CREATE TABLE [dbo].[ArticleCategories](
[ArticleId] [int] NOT NULL,
[CategoryId] [int] NOT NULL,
CONSTRAINT [PK_ArticleCategories] PRIMARY KEY CLUSTERED
(
[ArticleId] ASC,
[CategoryId] ASC
)WITH (PAD_INDEX = OFF, STATISTICS_NORECOMPUTE = OFF, IGNORE_DUP_KEY = OFF, ALLOW_ROW_LOCKS = ON, ALLOW_PAGE_LOCKS = ON) ON [PRIMARY]
) ON [PRIMARY]
CREATE TABLE [dbo].[Articles](
[Id] [int] NOT NULL,
[Title] [nvarchar](100) NOT NULL,
CONSTRAINT [PK_Articles] PRIMARY KEY CLUSTERED
(
[Id] ASC
)WITH (PAD_INDEX = OFF, STATISTICS_NORECOMPUTE = OFF, IGNORE_DUP_KEY = OFF, ALLOW_ROW_LOCKS = ON, ALLOW_PAGE_LOCKS = ON) ON [PRIMARY]
) ON [PRIMARY]
CREATE TABLE [dbo].[Categories](
[Id] [int] NOT NULL,
[CategoryName] [nvarchar](100) NULL,
CONSTRAINT [PK_Categories] PRIMARY KEY CLUSTERED
(
[Id] ASC
)WITH (PAD_INDEX = OFF, STATISTICS_NORECOMPUTE = OFF, IGNORE_DUP_KEY = OFF, ALLOW_ROW_LOCKS = ON, ALLOW_PAGE_LOCKS = ON) ON [PRIMARY]
) ON [PRIMARY]
insert into Articles ( Id, Title ) values ( 1, 'Jon Snow')
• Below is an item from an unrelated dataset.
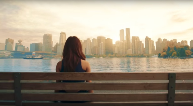 วิวเส้นขอบฟ้าเมืองแวนคูเวอร์จากสวน Stanley Park ปรากฏอย่างชัดเจนภายในเอ็มวี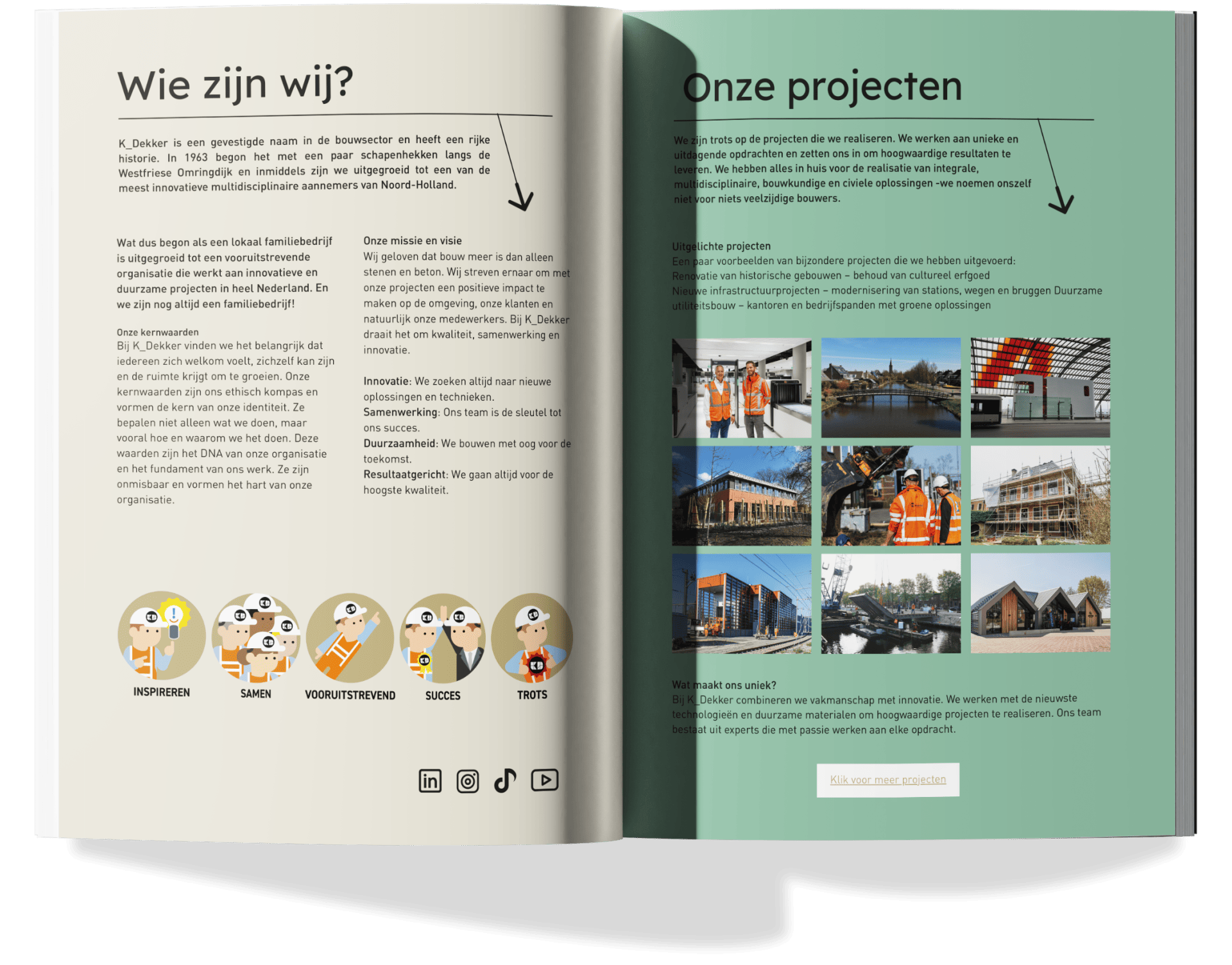 Als we dan toch een beetje mogen opscheppen: K_Dekker bouw & infra is de aannemer die alles in huis heeft voor de realisatie van integrale, multidisciplinaire, bouwkundige en civiele oplossingen. We zijn dus puur als team verantwoordelijk voor elk succes. En we weten: wat we samen doen, doen we beter. Omdat we nooit afhankelijk zijn van andere partijen, zijn de lijnen kort en is de overdracht zonder gedoe. Ons team bestaat dan ook uit toppers, die zich betrokken voelen bij hun werk. Niemand doet alleen zijn eigen klus en we zijn pas klaar als we allemaal trots kunnen zijn. Niet alleen op het resultaat overigens. De weg ernaartoe is net zo belangrijk. We doen de dingen graag goed, veilig en duurzaam. In een familiebedrijf zorg je immers voor elkaar en voor de volgende generaties.

insert into Articles ( Id, Title ) values ( 2, 'Joffry Baratheon')
insert into Articles ( Id, Title ) values ( 3, 'Cercei Lanister')
insert into Articles ( Id, Title ) values ( 4, 'Sansa Stark')
insert into Articles ( Id, Title ) values ( 5, 'Khal Drogo')
insert into Articles ( Id, Title ) values ( 6, 'Ramsey Bolton')
insert into Articles ( Id, Title ) values ( 7, 'Melisandre')
insert into Categories ( Id, CategoryName ) values ( 1, 'Orange')
insert into Categories ( Id, CategoryName ) values ( 2, 'Blue')
insert into Categories ( Id, CategoryName ) values ( 3, 'Purple')
insert into Categories ( Id, CategoryName ) values ( 4, 'Green')
insert into Categories ( Id, CategoryName ) values ( 5, 'Violet')
insert into Categories ( Id, CategoryName ) values ( 6, 'Yellow')
insert into Categories ( Id, CategoryName ) values ( 7, 'Black')
insert into ArticleCategories (ArticleId, CategoryId) values (1, 1 )
insert into ArticleCategories (ArticleId, CategoryId) values (2, 1 )
insert into ArticleCategories (ArticleId, CategoryId) values (3, 1 )
insert into ArticleCategories (ArticleId, CategoryId) values (4, 1 )
insert into ArticleCategories (ArticleId, CategoryId) values (5, 1 )
insert into ArticleCategories (ArticleId, CategoryId) values (6, 1 )
insert into ArticleCategories (ArticleId, CategoryId) values (7, 1 )
insert into ArticleCategories (ArticleId, CategoryId) values (2, 2 )
insert into ArticleCategories (ArticleId, CategoryId) values (3, 2 )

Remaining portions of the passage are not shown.